## Lec80: Link Analysis - Implementing Page Rank using Points Distribution Method - 1

* Create/take a directed graph with 'n' nodes.
* Assign 100 points to each node.
* Keep distributing points until convergence.
* Get nodes' raking as per the points accumulated
* Compare the ranks thus obtained with the ranks obtainrd from the inbuilt Page rank method

## Lec81: Link Analysis - Implementing Page Rank using Points Distribution Method - 2

In [7]:
import networkx as nx
import random

def add_edges(G, p):
    #Randomly adding edges
    for i in G.nodes():
        for j in G.nodes():
            if i != j:
                r = random.random()
                if r <= p:
                    G.add_edge(i, j)
                else:
                    continue                
    return G
                
def initialize_points(G):
    points = [100 for i in range(G.number_of_nodes())]
    return points

def distribute_points(G, points):
    prev_points = points
    new_points = [0 for i in range(G.number_of_nodes())]
    
    for i in G.nodes():
        out = G.out_edges(i)
        if len(out) == 0:
            new_points[i] += prev_points[i]
        else:
            share = float(prev_points[i]) / len(out)
            for each in out:
                new_points[each[1]] += share
                
    return G, new_points

def keep_distibuting_points(G, points):
    prev_points = points
    print 'Enter # to stop'
    while(1):
        G, new_points = distribute_points(G, prev_points)
        print new_points
        
        char = raw_input()
        if char == '#':
            break
        prev_points = new_points 
    return G, new_points
            
        
def main():
    # Create/take a directed graph with 'n' nodes.
    G = nx.DiGraph()#empty graph
    G.add_nodes_from([i for i in range(10)])
    G = add_edges(G, 0.3)

    # Assign 100 points to each node.
    points = initialize_points(G)
    
    # Keep distributing points until convergence.
    G, points = keep_distibuting_points(G, points)
    
    # Get nodes' raking as per the points accumulated
    # Compare the ranks thus obtained with the ranks obtainrd from the inbuilt Page rank method

main()

Enter # to stop
[86.66666666666667, 53.333333333333336, 50.0, 150.0, 83.33333333333334, 70.0, 233.33333333333334, 53.333333333333336, 75.0, 145.0]

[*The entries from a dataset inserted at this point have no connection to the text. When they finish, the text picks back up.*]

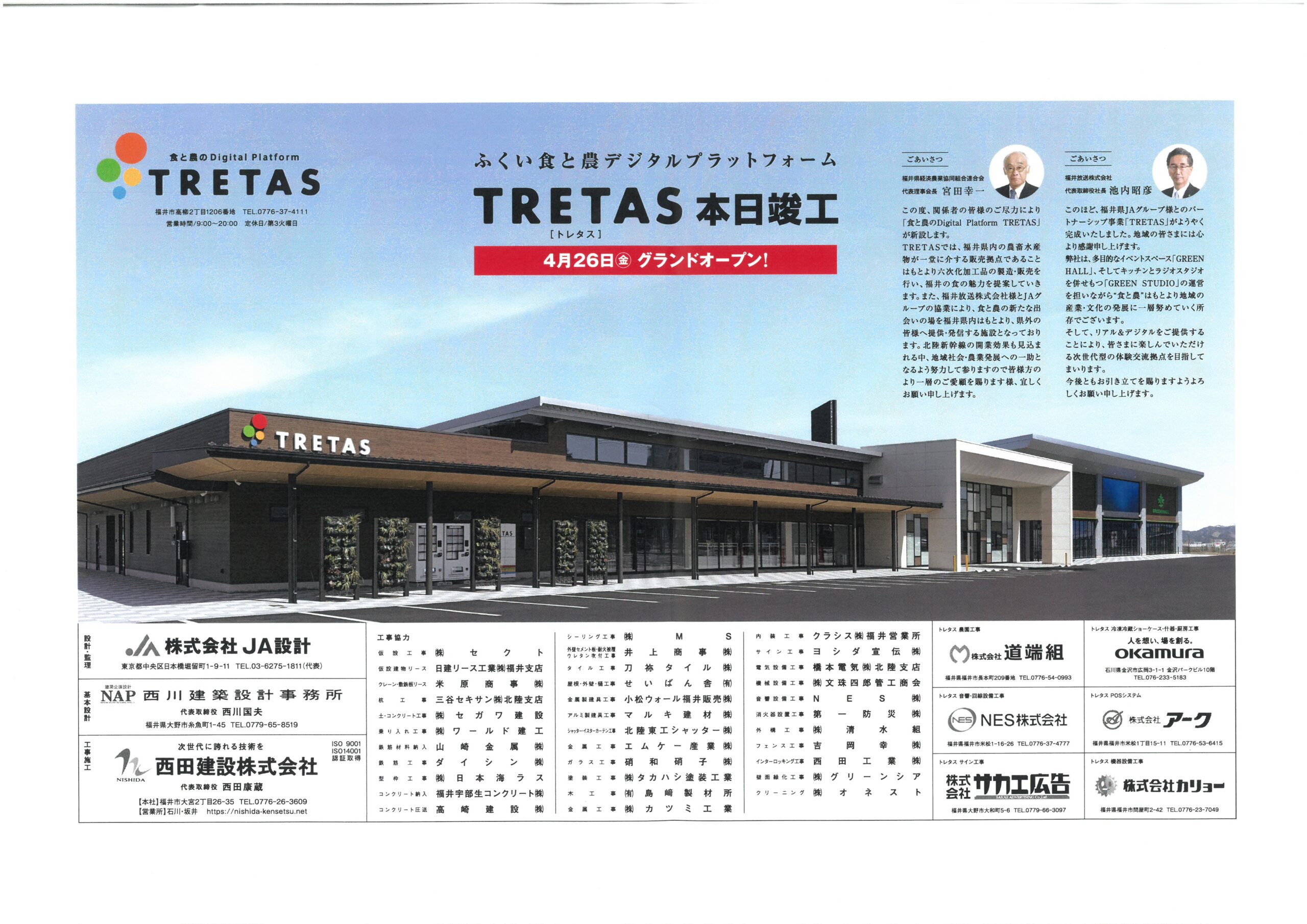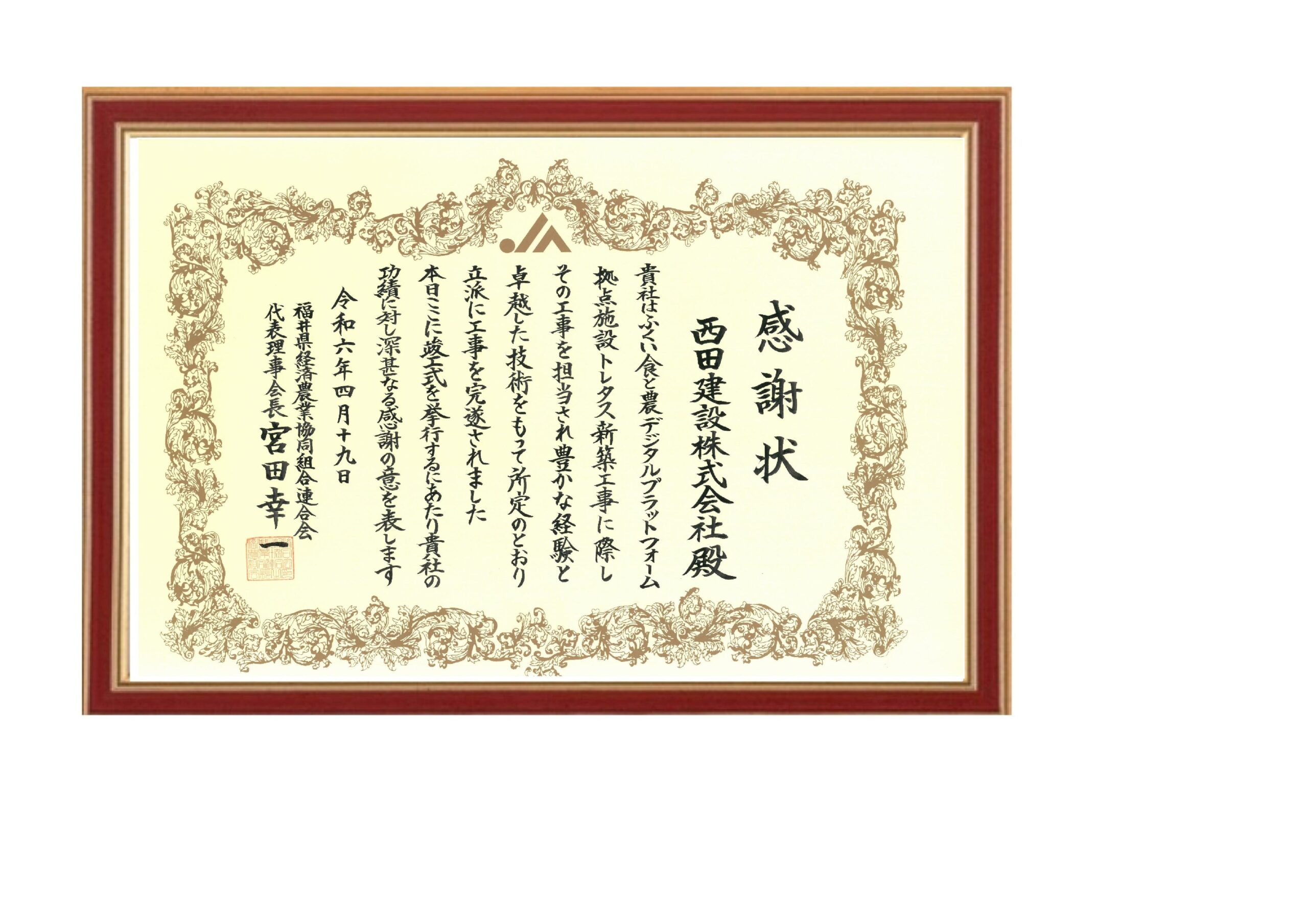 NEWS お知らせ TOP 令和6年度 ふくい食と農デジタルプラットフォーム新築工事 竣工式 ふくい食と農デジタルプラットフォーム新築工事 竣工式 2024.04.19 ふくい食と農デジタルプラットフォーム新築工事 竣工式が行われました。 戻る 一覧へ 次へ 新着情報 永平寺大燈籠流しの清掃に参加しました。 丸岡宿泊型自立訓練事業所新築工事を受注しました。 小松(7)宿舎改修建築その1 を受注しました。 福井警察署 森田交番新築工事を受注しました。 公益財団法人 全国法人会総連合様から表彰されました カテゴリ インターンシップ 採用情報 現場見学会 メディア掲載 講演活動 令和7年度 令和6年度 令和5年度 令和4年度 令和3年度 令和2年度 令和元年度 平成30年度 平成29年度 平成28年度 平成27年度 平成26年度 平成25年度 平成24年度 平成23年度 アーカイブ 2025 (10) 2024 (30) 2023 (24) 2022 (21) 2021 (24) 2020 (30) 2019 (58) 2018 (57) 2017 (39) 2016 (34) 2015 (22) 2014 (14) 2013 (14) 2012 (11) 2011 (7) 新着情報 永平寺大燈籠流しの清掃に参加しました。 丸岡宿泊型自立訓練事業所新築工事を受注しました。 小松(7)宿舎改修建築その1 を受注しました。 福井警察署 森田交番新築工事を受注しました。 公益財団法人 全国法人会総連合様から表彰されました カテゴリ インターンシップ 採用情報 現場見学会 メディア掲載 講演活動 令和7年度 令和6年度 令和5年度 令和4年度 令和3年度 令和2年度 令和元年度 平成30年度 平成29年度 平成28年度 平成27年度 平成26年度 平成25年度 平成24年度 平成23年度 アーカイブ 2025 (10) 2024 (30) 2023 (24) 2022 (21) 2021 (24) 2020 (30) 2019 (58) 2018 (57) 2017 (39) 2016 (34) 2015 (22) 2014 (14) 2013 (14) 2012 (11) 2011 (7)
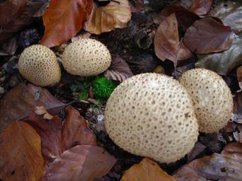 Keywords: puffballs mushrooms golden october autumn leaves forest floor
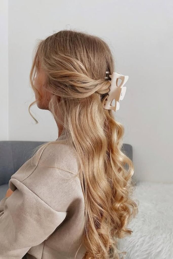 Soft movement stands out immediately with these loose waves held gently by a neutral claw clip, making it an easy pick for casual days or quick outings.
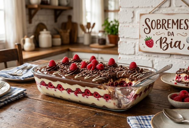 Ingredientes: Para o Creme Branco: Para a Camada de Fruta: Para a Cobertura (Ganache): Modo de Preparo: Dicas Adicionais da Bia: 💡 Aproveite cada colherada dessa delícia! 🍓❤🍫
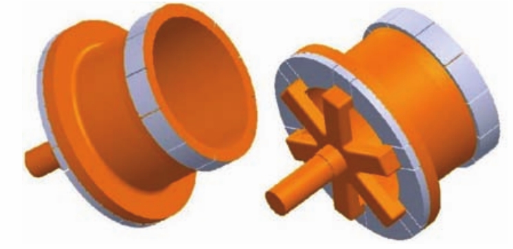 表1 A356 合金化学成分 wB/% 如图 1 所示为铸件三维形状,其法兰直径为Φ650 mm,筒体外径为Φ478 mm,内径为Φ446 mm,整体高347 mm。铸件体积为0.018 4 m³,表面积为1.43 m²,质量为49.2 kg。筒体最小壁厚12 mm,最大壁厚16 mm,法兰厚38 mm。要求不得有气孔、夹砂、缩松等铸造缺陷。
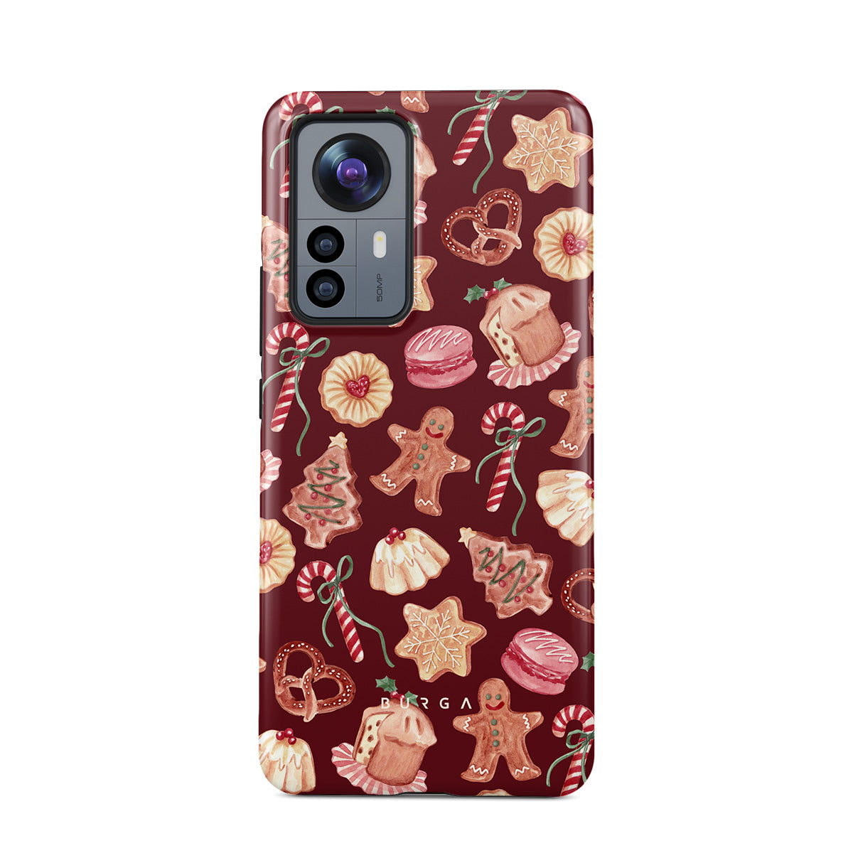 En este diseño: galletas de Navidad, hombres de jengibre, bastones de caramelo, caramelos de menta, dulces festivos, fondo rojo burdeos
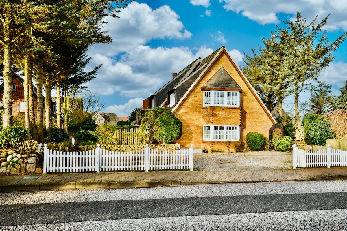 Casa de campo de lujo "Hygge Hüs" (158 m²) ubicada en el centro de Westerland para un máximo de 6 personas. 3 cómodos dormitorios, 2 elegantes baños con ducha, aseo de invitados, sauna privada, amplia sala de estar. Jardín y terraza con muebles de jardín y silla de playa. Wifi, lavadora, secadora, cafetera disponible. 2 espacios de estacionamiento privado. Se admiten perros alergicos. Domicilio para NO fumadores.
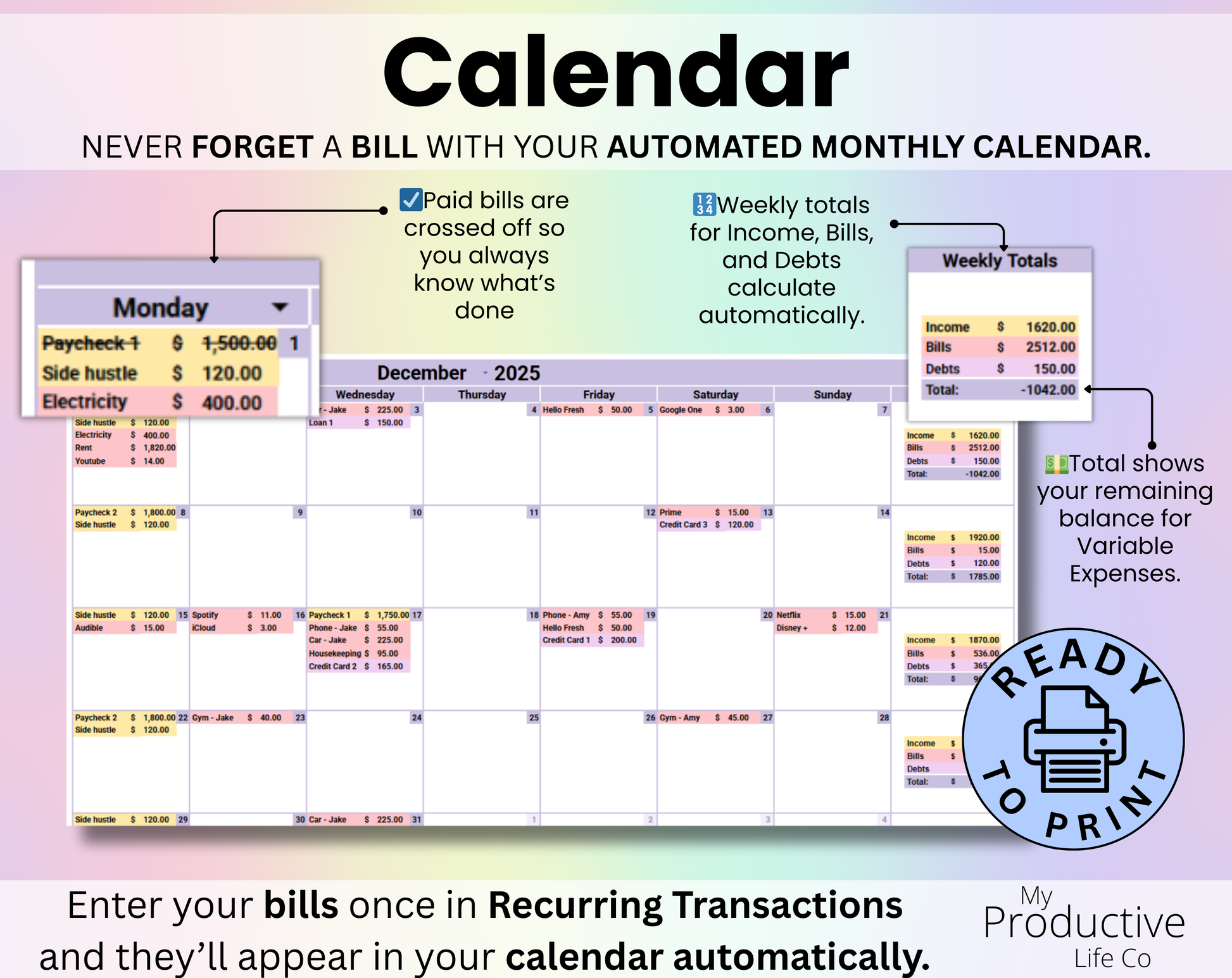 ✓ 12 monthly budget tabs (income, expenses, bills, debts & savings)
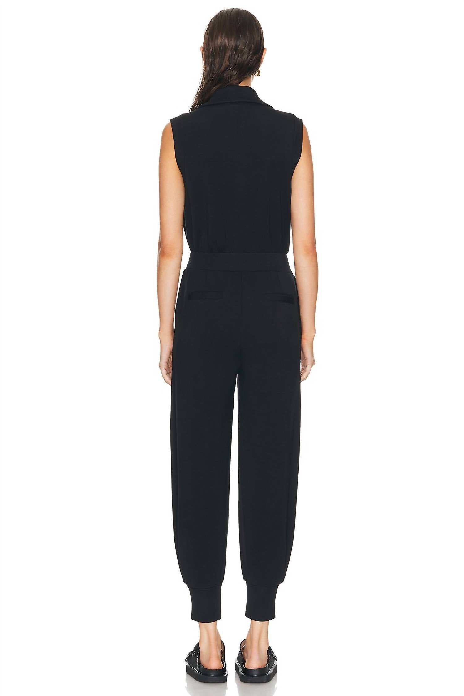 Não é preciso muito para que esta peça fique descolada sem esforço. Adicione algumas joias chamativas para dar um toque especial ou calce tênis para um visual mais casual. Eleve seu guarda-roupa com o Macacão Madelyn da VARLEY, uma escolha estilosa tanto para relaxar quanto para sair. Este macacão preto sem mangas possui fecho frontal com zíper e gola alta, com pernas afuniladas e bolsos práticos para maior praticidade. Confeccionado em uma mistura de 72% viscose, 23% poliéster e 5% elastano, ele promete conforto e respirabilidade, mantendo um caimento aerodinâmico. Cuide dele facilmente com as instruções de lavagem à máquina e secagem na horizontal, garantindo que continue sendo sua peça versátil e indispensável.
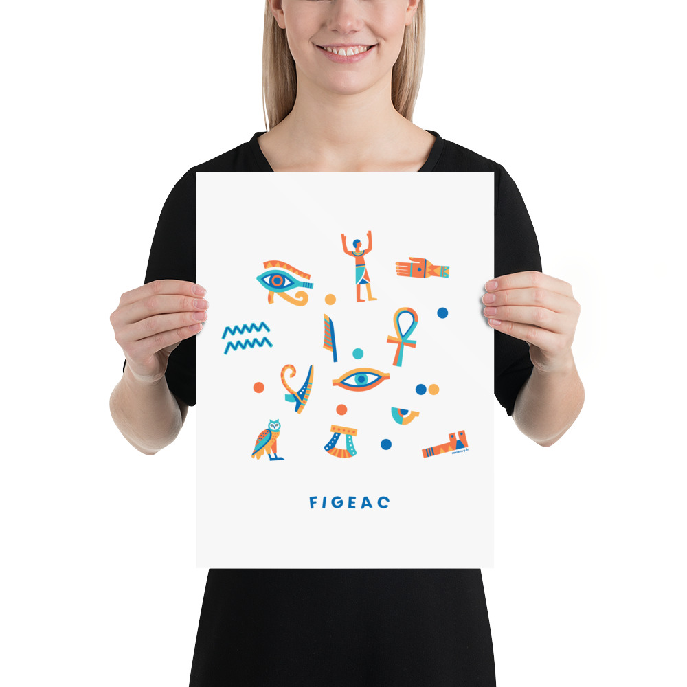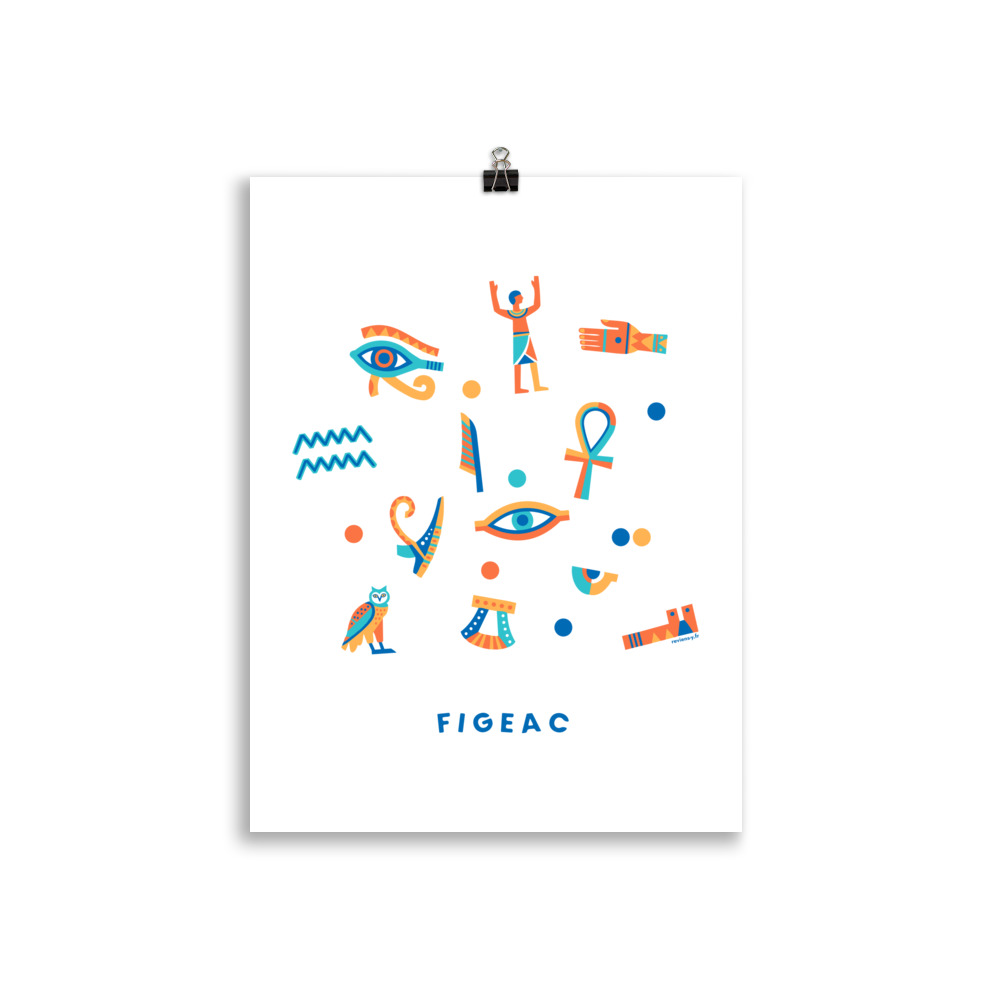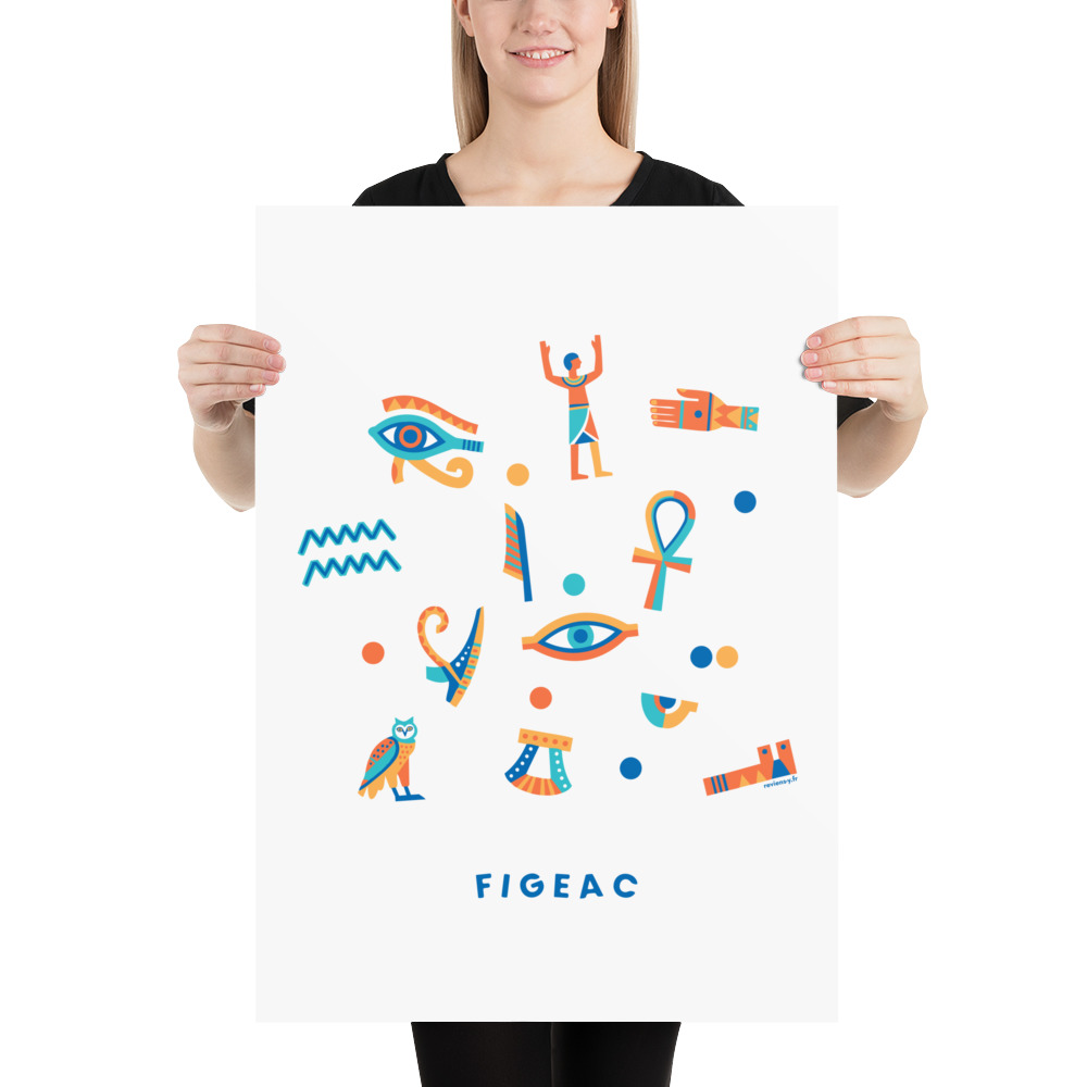 Composition graphique inspirée des hiéroglyphes de Figeac, en référence à Champollion et à son lien avec la ville. Les symboles et formes stylisées évoquent l’écriture égyptienne à travers une interprétation contemporaine, ancrée dans l’histoire et le patrimoine du Lot.

[81.66666666666667, 43.888888888888886, 71.66666666666667, 140.55555555555554, 121.66666666666667, 87.5, 218.05555555555554, 38.33333333333333, 85.0, 111.66666666666667]

[87.74074074074073, 44.22222222222223, 65.48611111111111, 145.76388888888889, 112.33796296296296, 72.83333333333334, 202.12962962962965, 46.16666666666667, 73.68055555555554, 149.63888888888889]

[85.15277777777779, 43.98302469135802, 61.58796296296297, 136.94135802469137, 110.17592592592592, 89.55555555555556, 221.84413580246917, 39.01388888888889, 73.61574074074075, 138.12962962962962]

[80.89958847736627, 43.107407407407415, 66.4567901234568, 145.22222222222223, 112.10390946502059, 83.78796296296296, 212.9843106995885, 44.575, 74.96797839506173, 135.89483024691359]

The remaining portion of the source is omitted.